Uma cientista tratou o próprio câncer com vírus criado em laboratório
Beata Halassy injetou vírus do sarampo e da estomatite vesicular em si mesma, reduzindo substancialmente seu reincidente tumor na mama. No entanto, a prática é considerada antiética na ciência.
Quando a cientista Beata Halassy descobriu seu câncer de mama aos 49 anos, em 2020, o diagnóstico não era novidade. Era a segunda vez que o tumor retornava no local de onde sua mama esquerda havia sido retirada, e as opções de tratamento eram limitadas. A virologista da Universidade de Zagrebe, na Croácia, resolveu que trataria seu câncer de nível 3 com as próprias mãos. Spoiler: já faz quatro anos que a cientista não tem câncer.
Ela estudou a literatura científica e escolheu aplicar em si mesma um tratamento chamado viroterapia oncolítica (OVT). Esse tratamento utiliza vírus para atacar as células cancerosas, com a intenção de que o sistema imunológico seja ativado para combater tanto o câncer quanto os vírus.
É uma área de pesquisa em tratamentos oncológicos emergente, e não existe nenhum agente de OVT aprovado para tratar câncer de mama, em nenhum lugar do mundo. Isso não impediu Halassy: ela afirma que sua experiência no cultivo e purificação de vírus em laboratório lhe deu a confiança necessária para os testes.
Halassy montou uma estratégia em que dois vírus diferentes atacaram o seu tumor: um vírus do sarampo seguido por um vírus da estomatite vesicular (VSV). Ambos já eram conhecidos por infectar o tipo de célula que originou o tumor e já haviam sido usados em testes clínicos de OVT.
A pesquisadora tinha experiência anterior de trabalho com ambos os vírus, que são bastante estudados e considerados seguros.
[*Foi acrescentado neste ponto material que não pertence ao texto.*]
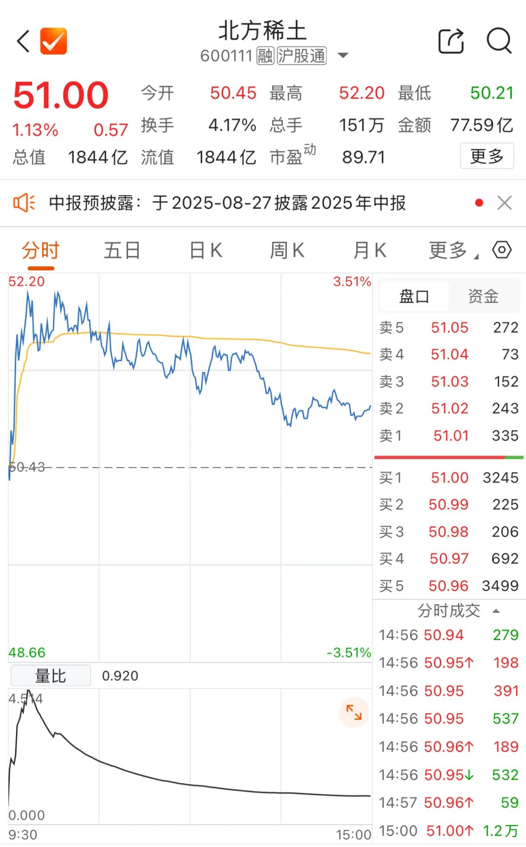 1月16日,北方稀土涨1.13%,报51元/股,市值超1800亿元。
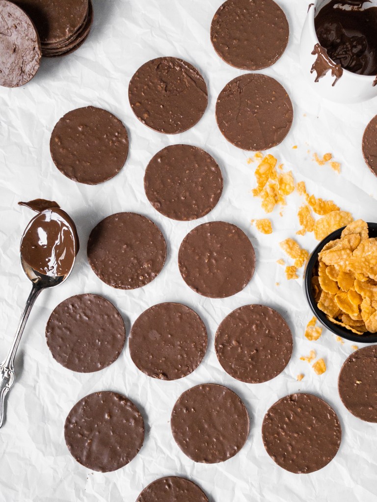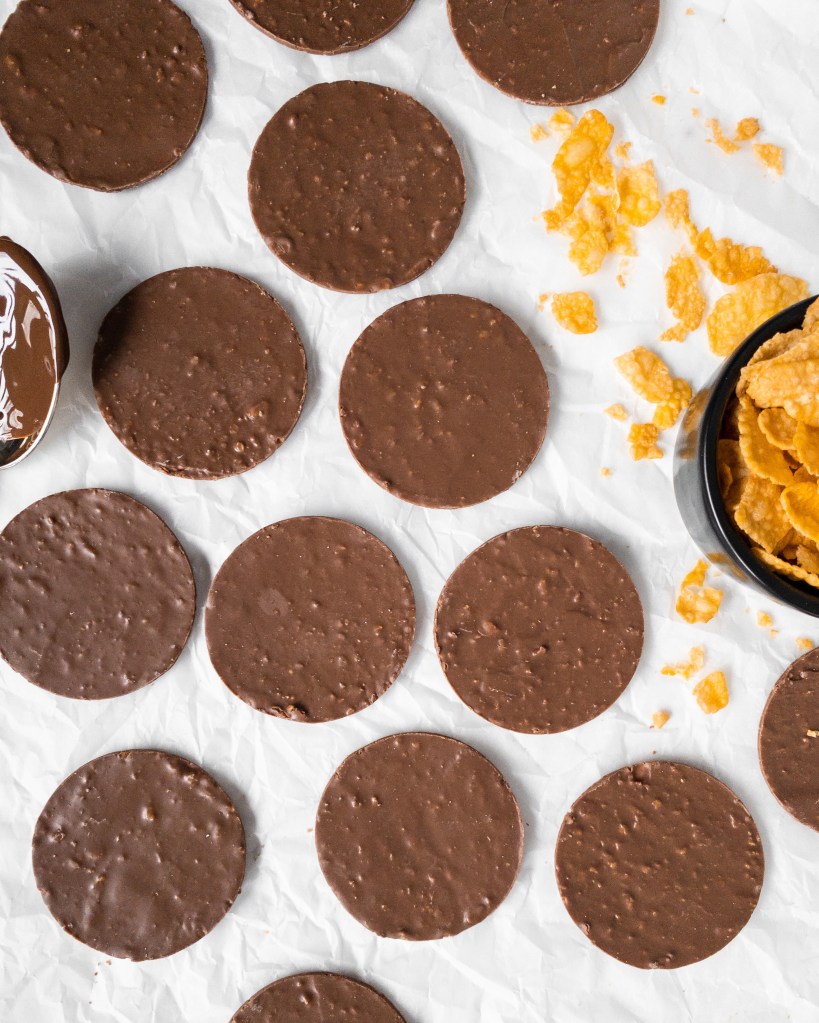 - Blanda ned de finkrossade cornflakesen i chokladen. Häll sedan ut på bakplåtspappret och bred ut till ett tunt lager. Låt sedan stå i rumstemperatur tills det nästan har stelnat helt, då stansar du ut rundlar med en rund utstickare. Låt sedan stelna helt och hållet innan du lyfter väck rundlarna. Förvara på ett svalt ställe eller i kylskåpet.
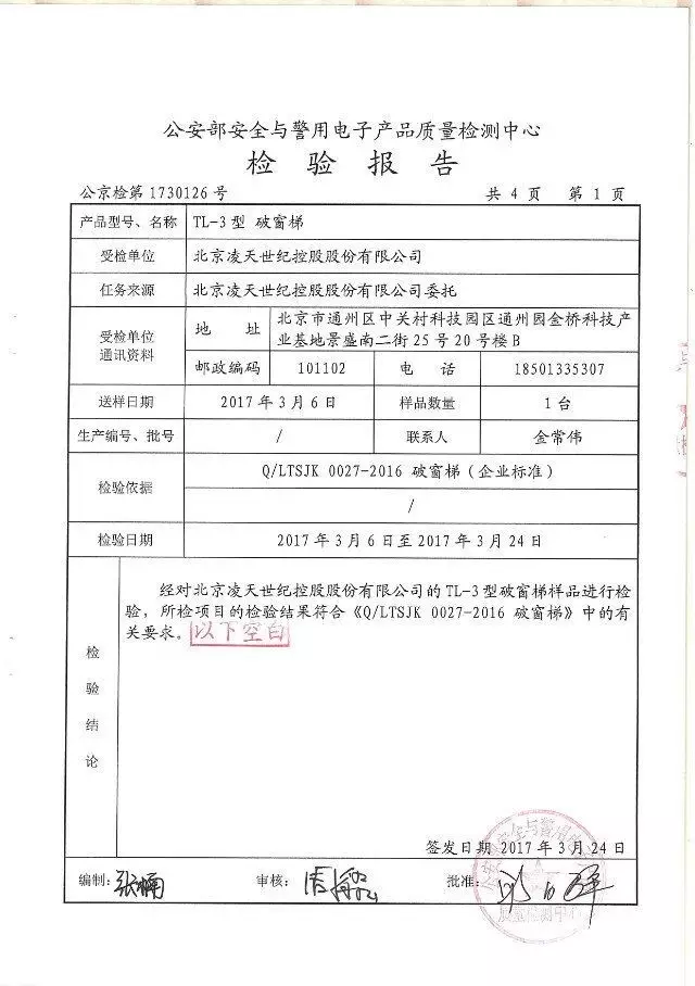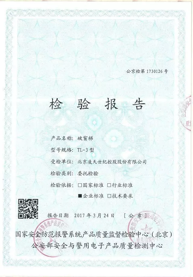 TL-3破窗梯通過公安部檢測機構(gòu)檢驗

A cepa de sarampo que ela escolheu é amplamente usada em vacinas infantis; e a cepa de VSV induz, na pior das hipóteses, sintomas leves semelhantes aos da gripe.
Durante dois meses, um colega de Halassy injetou os materiais preparados pela cientista diretamente em seu tumor. “Os oncologistas de Halassy concordaram em monitorar o progresso do tratamento, principalmente com o objetivo de interromper as injeções e intervir com a terapia convencional em caso de efeitos adversos ou progressão do tumor [o que não ocorreu]”, escreveram os autores do artigo sobre o caso.
Sem apresentar efeitos colaterais graves, o tumor encolheu e ficou mais macio. Ele também se soltou do músculo e da pele, o que facilitou a remoção cirúrgica.
Depois da cirurgia, ela recebeu um ano de tratamento com trastuzumabe, um medicamento comum para esses casos.
Embora tenha sido comum no passado, a auto experimentação é hoje muito controversa e considerada antiética pela ciência. O artigo que descreve os experimentos e resultados de Halassy foi recusado por mais de uma dúzia de revistas científicas antes de ser publicado na revista Vaccines.
As revistas se preocupam com a publicação desse tipo de estudo, porque temem que os resultados possam incentivar outras pessoas a rejeitarem o tratamento tradicional e tentarem algo semelhante. Mas o fato dos resultados terem sido aparentemente positivos para uma pessoa não é nem perto do suficiente para atestar a segurança e a eficácia de um tratamento.
Os autores destacam que o trabalho é “isolado e não convencional” e que a automedicação com vírus oncolíticos não deve ser a primeira abordagem para lidar com o câncer diagnosticado. Entretanto, eles esperam que a pesquisa incentive “ensaios clínicos formais para avaliar o OVT como terapia neoadjuvante no câncer inicial.”
Halassy deve continuar pesquisando nesse sentido: depois da publicação dos resultados, ela conseguiu financiamento para investigar a OVT para tratar o câncer em animais domésticos. “O foco do meu laboratório mudou completamente por causa da experiência positiva com meu autotratamento”, disse ela à revista Nature.